Résumé de l'actualité du week-end : Fusillades meurtrières des deux côtés du Pacifique, de l'Australie aux États-Unis
Alors que les enquêtes se poursuivent, les deux pays sont aux prises avec le bilan humain de la violence qui s'est déroulée en un seul week-end.
Une série de fusillades meurtrières survenues au cours du week-end a ébranlé les communautés en Australie et aux États-Unis. Voici le résumé des nouvelles du week-end :
Australie : Attaque terroriste à Bondi Beach à Sydney
En Australie, au moins 15 personnes ont été tuées et des dizaines blessées dans une attaque terroriste à Bondi Beach à Sydney dimanche soir, lors d'un grand rassemblement célébrant la fête juive de Hanoukka. La police prétend que les assaillants étaient un duo père-fils qui a utilisé des armes à feu obtenues légalement.

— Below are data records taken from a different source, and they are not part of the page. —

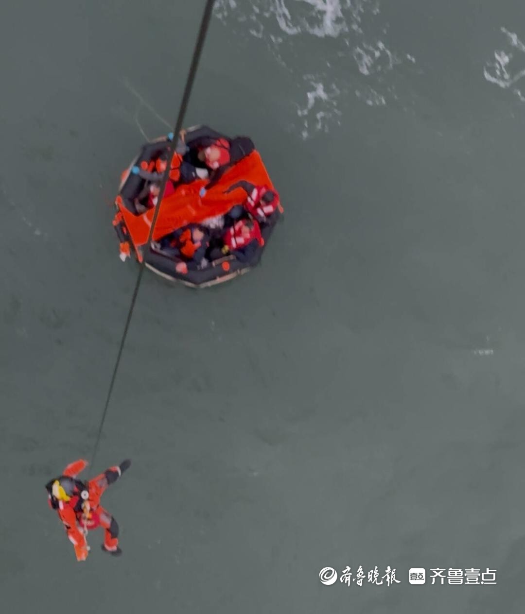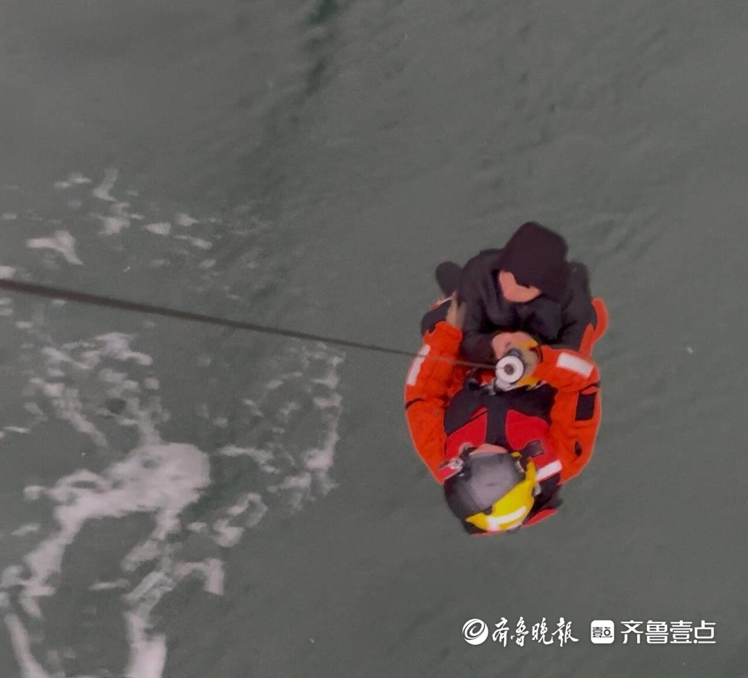 现场风力6-7级,浪高2-3米,伴有小雨。救生筏空间狭小,在风浪中剧烈摇摆,给登筏救助带来了巨大挑战。机长牢牢把定驾驶杆,控制机身稳稳悬停;绞车手紧握吊索,降低救生员随风摆动的幅度;救生员数次被狂风掀偏,坠入冰冷海水,全身湿透,仍竭力控制身体姿态,向救生筏靠近!10米,5米,2米……终于,救生员瞅准机会,一击制胜,准确将高绳抛入救生筏,顺利登筏。
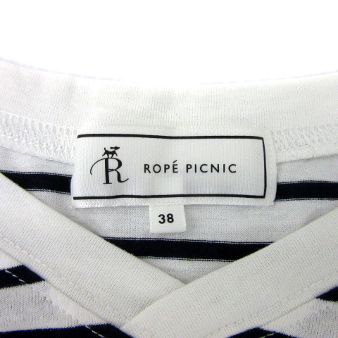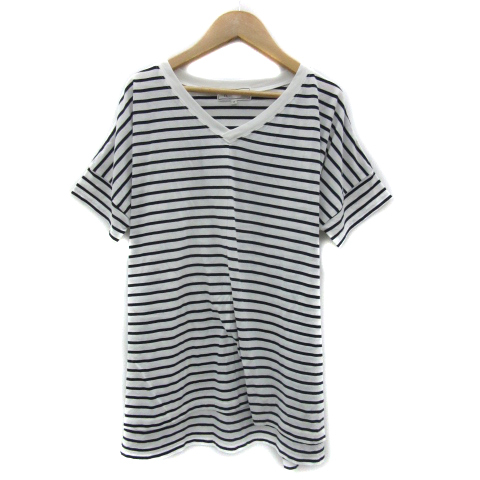 ロペピクニック ROPE Picnic カットソー 半袖 Vネック ボーダー柄 オーバーサイズ 38 M 白 ホワイト 紺 ネイビー /YS23 レディース
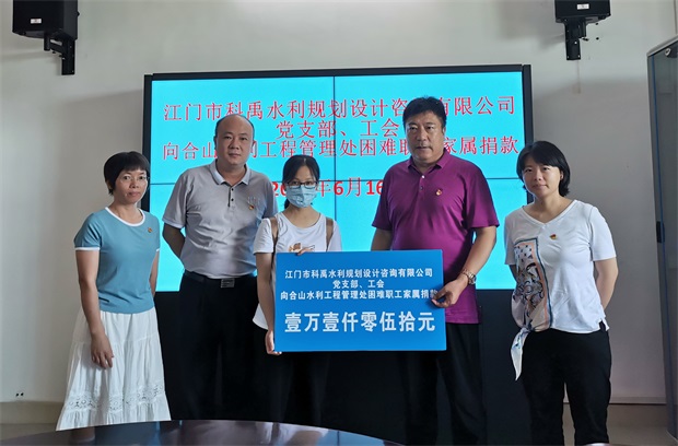 6月16日上午,科禹水利党支部书记户朝旺同志带着全体党员、职工爱心来到合山水利工程管理处,把科禹水利党支部、工会的爱心捐款交到困难职工家属手上。

Le suspect le plus jeune, Naveed Akram, 24, a été arrêté sur les lieux avec des blessures critiques. Son père, Sajid Akram, 50, a été abattu par la police. Les autorités ont déclaré que l'homme le plus âgé était titulaire d'un permis de port d'arme depuis plus de dix ans et qu'il possédait six armes enregistrées, dont quatre ont été retrouvées sur les lieux.
Le Premier ministre Anthony Albanese a confirmé que Naveed Akram avait déjà été connu des agences de sécurité après avoir attiré l'attention du service de renseignement intérieur australien en 2019, bien qu'il ait été évalué à l'époque comme ne représentant aucune menace permanente. Le Premier ministre de la Nouvelle-Galles du Sud, Chris Minns, déclare que des changements dans les lois sur les armes à feu sont "presque certains" alors que les enquêteurs examinent comment des armes à feu sous licence ont été utilisées dans un attentat de masse.
La violence a également attiré l'attention sur les actes de bravoure pendant l'attaque. Un passant, identifié plus tard comme Ahmed al Ahmed, propriétaire d'un magasin de fruits à Sydney et père de deux enfants, a plaqué et désarmé l'un des tireurs bien qu'il ait reçu deux balles. Les autorités ont déclaré que son geste avait probablement permis de sauver des vies.
États-Unis : Fusillade de masse à l'université Brown à Providence
Pendant ce temps aux États-Unis, une fusillade de masse à l'université Brown à Providence, Rhode Island, a fait two people dead and nine wounded (deux morts et neuf blessés) samedi alors que les examens finaux étaient en cours. Dix des personnes abattues étaient des étudiants, ont indiqué les responsables de l'université.
La police a confirmé dimanche qu'une personne d'intérêt avait été placée en garde à vue, mettant fin à une chasse à l'homme de grande envergure qui avait verrouillé le campus de l'Ivy League pendant plusieurs heures. Les enquêteurs ont déclaré que le tireur a tiré plus de 40 balles à l'intérieur d'une salle de classe à l'aide d'une arme de poing. Une victime reste dans un état critique, tandis que plusieurs autres nécessitent des soins intensifs.
Ces attaques coup sur coup ont relancé le débat sur la sécurité publique et le contrôle des armes à feu des deux côtés du Pacifique. Alors que le Rhode Island possède des lois sur les armes à feu parmi les plus strictes des États-Unis, les responsables australiens subissent maintenant des pressions pour revoir les systèmes de permis de port d'armes à la suite de l'attentat de Bondi Beach.
Au-delà des cibles civiles, la violence a également frappé les forces américaines à l'étranger. Dans le centre de la Syrie, two American soldiers and a United States civilian interpreter ont été tués dans une embuscade tendue par un tireur de l'État islamique, selon l'armée américaine. Alors que les enquêtes se poursuivent, les deux pays sont aux prises avec le bilan humain des violences qui se sont déroulées en un seul week-end.